Grafikte 1870 – 2020 yılları arasında bazı ülkelerin 15 – 64 yaş arasındaki nüfusunun ortalama eğitim süresi verilmiş. Bu grafiğe göre 15 – 64 yaş aralığında eğitim süresi ortalamamız 8,5 yılken Dünya ortalaması 8,8 yıl5. Yani ortalama eğitim süremiz Dünya’nın ortalama eğitim süresinin altında. Tabi verilere dair “Bizim genç nüfusumuz pek çok ülkeye göre fazla. 15 yaşındaki birisi maksimum 9 sene eğitim görmüş olacaktır. O sebepten bu grafik farklı şartlardaki ülkeleri aldatıcı bir şekilde kıyaslıyor” şeklinde bir itiraz gelebilir. Öncelikle bu sava bir bakımdan katıldığımı bir bakımdan da katılmadığımı söylemeliyim. Evet nüfusumuz dolayısıyla ortalamamız düşük çıkıyor. Ülkeyi kalkındıracak nüfus aktif nüfussa elbette onları kıyaslamak daha doğru olacaktır. O da 25 – 60 aralığı denebilir. Ama grafik zaten 10 sene sonraki beşeri sermayemiz hakkında bir şey söyleme gayesiyle oluşturulmamış. Grafik ülkelerin şu anki beşeri sermayeleri hakkında bir veri sunuyor bize. Kimler kimlerin sırtından geçiniyor buna dair bile bir bakış elde edebiliriz bu grafiğe bakarak.

Ama haydi sizin güzel hatırınız için Dünya Bankası verilerine6 de bakalım. Dünya bankası +25 yaş nüfusu kıyaslamış. Son ölçümü yaptıkları 2017 yılındaki verilere göreyse 25 yaşından büyük kişilerde eğitim süresi ortalamamız 8,17 yıl.

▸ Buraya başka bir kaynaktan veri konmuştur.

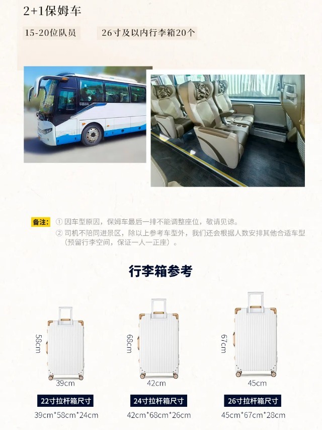 (4)驾驶员会在集合日21:00之前,通知队员次日的出发时间,如果21:00尚未接到驾驶员的通知,请联系客服确认;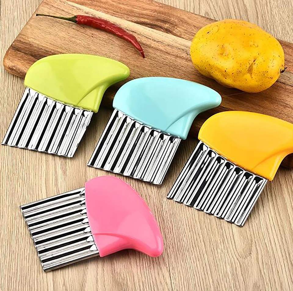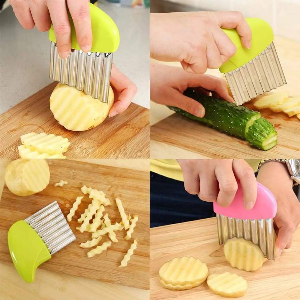 Cuchillo Ondulado de Acero Inoxidable Personalizable, para Cortar Papas Fritas, Chips y Picar, Cortador de Patatas Onduladas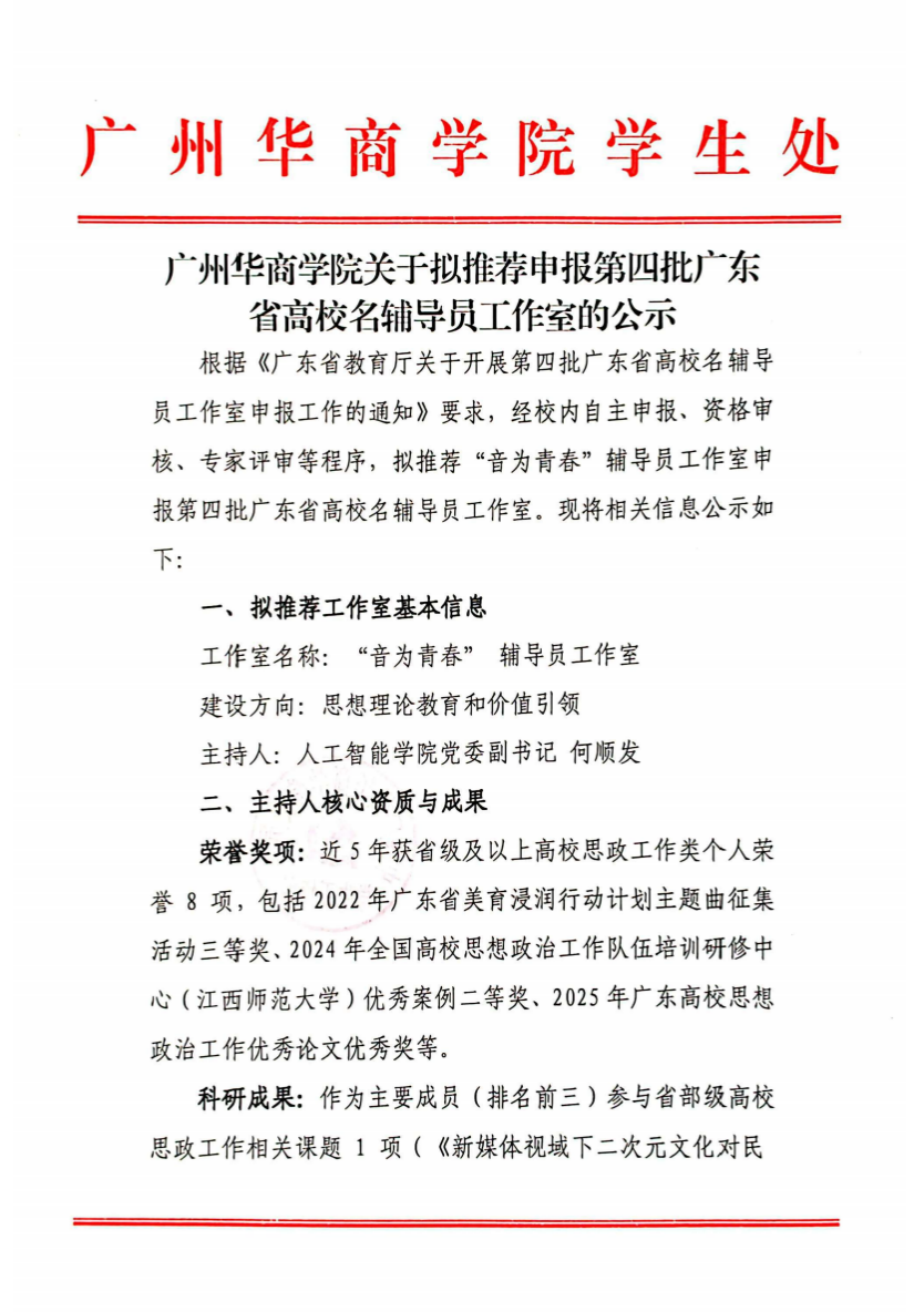 现下发“广州华商学院关于拟推荐申报第四批广东省高校名辅导员工作室的公示”文件,公示时间为2025年10月23日 —2025 年 10月29日(共 5 个工作日),公示期间,如对拟推荐工作室有异议,请以书面形式(需实名并附联系方式、相关佐证材料)向学校学生处反映。 联系电话:020-82669666(马老师)...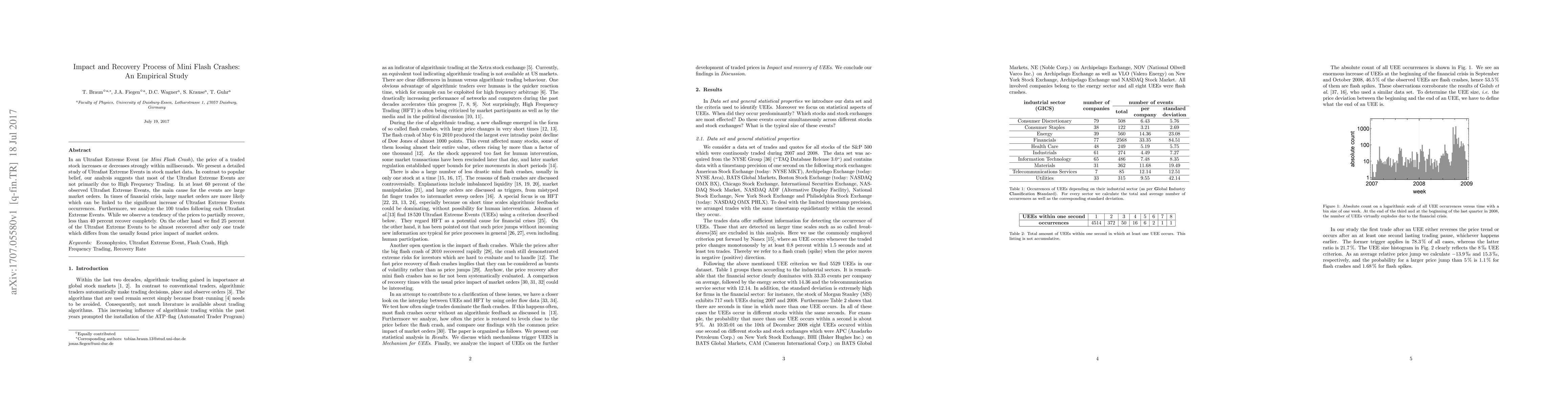 In an Ultrafast Extreme Event (or Mini Flash Crash), the price of a traded stock increases or decreases strongly within milliseconds. We present a detailed study of Ultrafast Extreme Events in stock market data. In contrast to popular belief, our analysis suggests that most of the Ultrafast Extreme Events are not primarily due to High Frequency Trading. In at least 60 percent of the observed Ultrafast Extreme Events, the main cause for the events are large market orders. In times of financial crisis, large market orders are more likely which can be linked to the significant increase of Ultrafast Extreme Events occurrences. Furthermore, we analyze the 100 trades following each Ultrafast Extreme Events. While we observe a tendency of the prices to partially recover, less than 40 percent recover completely. On the other hand we find 25 percent of the Ultrafast Extreme Events to be almost recovered after only one trade which differs from the usually found price impact of market orders.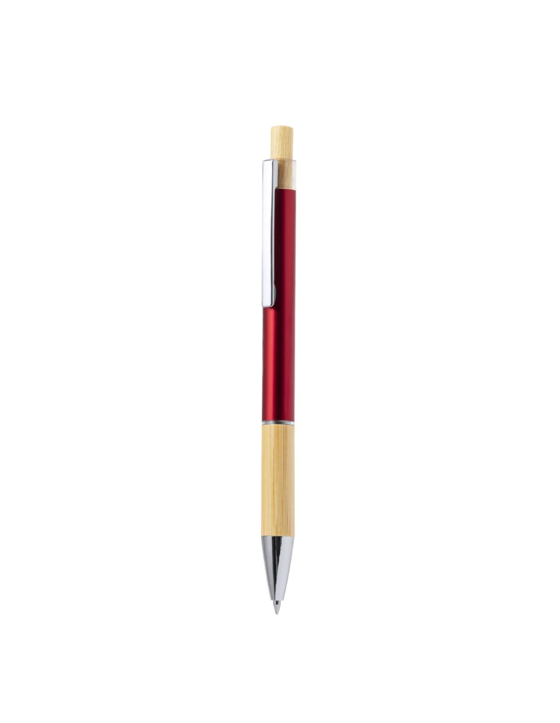 Elegante bolígrafo de bambú y aluminio con mecanismo pulsador. Cuerpo en resistente aluminio de acabado brillante y empuñadura en bambú, con la caña en una amplia gama de distintivos colores. Clip metálico, con pulsador de bambú retráctil y en tinta azul. Presentado en bolsa individual reciclada.Materiales como el bambú fomentan la utilización de materias primas naturales, reduciendo las emisiones contaminantes. Proviene de una planta de gran resistencia y versatilidad, con crecimiento y regeneración rápidos, siendo una excelente alternativa al uso de madera tradicional.

Yılda ortalama 0,15 puanlık artış göstermişiz. Bu durumda Dünya Bankası’nın eksik son 3 yıllık verisini farazi olarak yukarıdaki grafiğin son verisi olan 2020 yılına kadar taşırsak 2020 yılındaki 25 yaş üstü eğitim ortalamamız 8,67 yıl olacaktır. Yani 15 – 64 yaş nüfus kıyaslamasına göre ortalama eğitim süremiz 8,5 yıl iken +25 yaş verisine göre ortalama eğitim süremiz kabaca 8,67 yıl diyebiliriz. Arada ciddi bir fark yok gibi duruyor.

Eğitim süresi ortalamamız bu hızla artmaya da devam ederse 25 yaş üstü ortalama eğitim süremiz 2053 yılında 13,67 yıla çıkacak ve 30 sene sonra Güney Kore’nin bugünkü halini yakalayabileceğiz.

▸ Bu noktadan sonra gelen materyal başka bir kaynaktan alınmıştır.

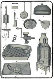 | Keywords: Mrs. Beeton's Book of Household Management (93).jpg en This is the image displayed on page 93 in Mrs Beeton's Book of Household Management by Isabella Beeton The image depicts a variety of common kitchen utensils Bottle Roasting Jack Mincing Knife or Suet Chopper Meat Chopper Frying Pans Wire Meat Cover Pestle and Mortar Mincing or Sausage Machine with Table Clamp Double Baking Pan with Meat Stand Drip Pan with Basting Ladle Bottle Jack Roasting Screen 2012-08-05 Printed in 1907 version File Mrs Beeton's Book of Household Management Part 1 djvu Isabella Beeton PD-old-100 Uploaded with UploadWizard Mrs Beeton's Book of Household Management Kitchen utensils |

Grafiği daha kolay görebilmek için liste halinde de vermişler:

Her neyse, esasa gelelim. Ülkeleri rastgele seçtim. Komik olan şey ne biliyor musunuz? Bu grafiğe bakmadan önce ben de bilmiyordum. Eğitimde de neredeyse Dünya ortalamasındayız. Şaka gibi. Burada da vasat çıktık iyi mi?

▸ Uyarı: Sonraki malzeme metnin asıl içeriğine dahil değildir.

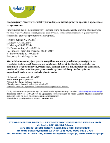 Proponujemy Państwu warsztat wprowadzający metodę pracy w oparciu o społeczność terapeutyczną. Program obejmuje 5 (3 godzinnych) spotkań 1x w miesiącu. Każdy warsztat obejmowałby 90 min. wprowadzenia teoretycznego oraz 90 min. omawiania problemów praktycznych (superwizji pracy ze społecznością czy grupą). HARMONOGRAM ZAJĘĆ : I . Model (31.01. 2014) II. Metody (28.02.2014) III. Proces zmiany (31.03.2014) IV. Procesy i zjawiska grupowe (30.04.2014) V. Zastosowanie (31.05.2014) Rozpoczęcie zajęć o godz.10. Warsztat adresowany jest przede wszystkim do profesjonalistów pracujących we wszelkich instytucjach leczenia lub opieki całodobowej (oddziałach szpitalnych, ośrodkach wychowawczych, świetlicach, domach dziecka itp.) lub pobytu dziennego, ponieważ społeczność terapeutyczna może być wartościową i twórczą formą organizacji życia w tego rodzaju placówkach. Liczba osób na warsztacie: 12 osób!! Koszt: 150zł jedno spotkania. Płatność do 15 dnia każdego miesiąca. Obowiązkowa obecność na każdym zjeździe!! W trakcie spotkania będzie dla państwa czekała ciepła kawa i herbata. Osoby zainteresowane proszone są o przesłanie maila zgłoszeniowego na adres: [email protected] i dokonanie opłaty do 23.01.2014r. po uprzednim potwierdzeniem ze strony Zielona Myśl z załączonym numerem konta na który należy dokonać powyższej opłaty. W razie jakiś pytań prosimy o kontakt: 509 664 238 OFERTA WARSZTATU „SPOŁECZNOŚĆ TERAPEUTYCZNA” „Gdy jakaś liczba osób spotyka się i współdziała rozwija się proces mirroringu czyli odzwierciedlania. Osoba widzi siebie i swoje części – często te niechciane i odrzucone odzwierciedlone w interakcjach innych członków grupy. Osiąga w ten sposób wiedzę o sobie.” /J. Pawlik „Psychoterapia analityczna”/ Wszyscy jesteśmy częścią większych grup społecznych, grupa jest symbolem pierwszych relacji człowieka z jego środowiskiem, dzięki temu jej członkowie mogą przepracowywać na jej łonie pierwotne zakłócenia rozwojowe. Szczególną formą pracy z grupą jest społeczność terapeutyczna. Społeczność terapeutyczna stanowi często kontekst działań stricte terapeutycznych, tj. psychoterapii indywidualnej czy grupowej. Jest też sama w sobie metodą dokonywania zmian. Podstawową cechą społeczności jest jej samopomocowy charakter - emocje i konflikty, z którymi nasi pacjenci czy wychowankowie słabo sobie radzą są doświadczane także przez innych członków społeczności, dzięki czemu jednostka otrzymuje podstawowe oparcie i odzwierciedlenie w grupie. Jej rolą jest konfrontowanie uczestników z realnością. Przeżywanie przez człowieka, tego co kto o nim powiedział, czy tego, co ktoś sobie może o nim myśleć, często ma się nijak do rzeczywistości. Społeczność uczy nazywać uczucia wobec innych, co pozwala na zmniejszenie lęków, frustracji, agresji wobec otoczenia czy innych osób. Społeczność terapeutyczna jest więc pośrednią formą prowokowania zmiany, jest szczególnie pomocna w pracy z młodzieżą dla której uczestnictwo w grupach stanowi rodzaj poligonu doświadczalnego przygotowującego do radzenia sobie w życiu dorosłym. W społeczności terapeutycznej istnieje możliwość obserwacji człowieka w wielu różnych wymiarach, widać jak pracuje, jak odnosi się do kolegów a jak do personelu, jak dba o porządek i higienę, jak funkcjonuje w grupie. Te codzienne zachowania i postawy są źródłem niewysychającego strumienia danych, którymi warto się zająć i które można modyfikować. Prowadzący : Dorota Orłowska-Drąg Uniwersytet Jagielloński, absolutorium z resocjalizacji, magister psychologii 1985 Praca w roli wychowawcy Zakładu Wychowawczego w Krakowie Ośrodek Leczenia Nerwic w Krakowie – prowadzenie psychoterapii grupowej, szkolenie w zakresie podstaw psychoterapii (podejście psychodynamiczne). Kurs Psychodramy Grupowej organizowany przez Moreno Institut fur Psychodrama Und Soziotherapie – certyfikat asystenta psychodramy Praca kliniczna na Oddziale Dziennym SP ZOZ „Srebrzysko” Terapeuta – Kierownik Zespołu SP ZOZ Ośrodek Terapii Uzależnień w Smażynie Członek i Superwizor Polskiego Towarzystwa Psychoterapii Psychoanalitycznej, uprawnienia do prowadzenia terapii szkoleniowej doświadczenie w pracy dydaktycznej i szkoleniowej : Prowadzenie warsztatów szkoleniowych z zakresu psychoterapii grupowej oraz podstaw psychoterapii we współpracy z Katedrą Psychiatrii i Psychoterapii AM w Krakowie. Prowadzenie warsztatów szkoleniowych w ramach Kursu Psychoterapii organizowanego przez Sekcję Psychoterapii Polskiego Towarzystwa Psychiatrycznego oraz WODKM. Przewodniczenie Filii Gdańskiej Sekcji Naukowej Psychoterapii Polskiego Towarzystwa Psychiatrycznego. Prowadzenie zajęć "Szkoły dla rodziców", treningów asertywności, zajęć w zakresie profilaktyki uzależnień, warsztatów dla rodzin osób uzależnionych w ramach etatu terapeuty OTU w Smażynie. Prowadzenie wykładów i ćwiczeń w ramach specjalistycznych szkoleń z terapii uzależnień organizowanych przez Krajowe Biuro d.s. Przeciwdziałania Narkomanii przy Gdańskiej Wyższej Szkole Humanistycznej. Prowadzenie superwizji grupowych i indywidualnych, zgodnie z uprawnieniami PTPP i KBPN. Kierowanie i konsultacja merytoryczna pracy zespołu terapeutycznego Ośrodka Terapii Uzależnień w Smażynie Praktyka prywatna - Gabinet Psychoterapii Psychoanalitycznej Gdańsk-Wrzeszcz [email protected] telefon kontaktowy : 508 054 882

Peki hocam hali hazırda okuyan kişilerin akademik yetilerini ölçen testlerde dünyada vasat, OECD’de berbat durumda olan bir ülkede, ortalama eğitim süresinin 8’in biraz üstünde olduğu bir ülkede neyin beşeri sermayesinden bahsedebiliriz?

Yabancı dil

Aşağıdaki grafikte AB’nin yaptığı yabancı dil yetkinliği araştırması görülmekte. Yabancı dil konuşamayanlar ve 1 – 3 dil arası konuşabilenler ülkelere göre yüzdesel olarak verilmiş7.

Türkiye’nin her 4 kıstasta da verisinin olduğu tek yıl 2007 olduğu için, AB ile 2007 yılımızı kıyaslayacağım.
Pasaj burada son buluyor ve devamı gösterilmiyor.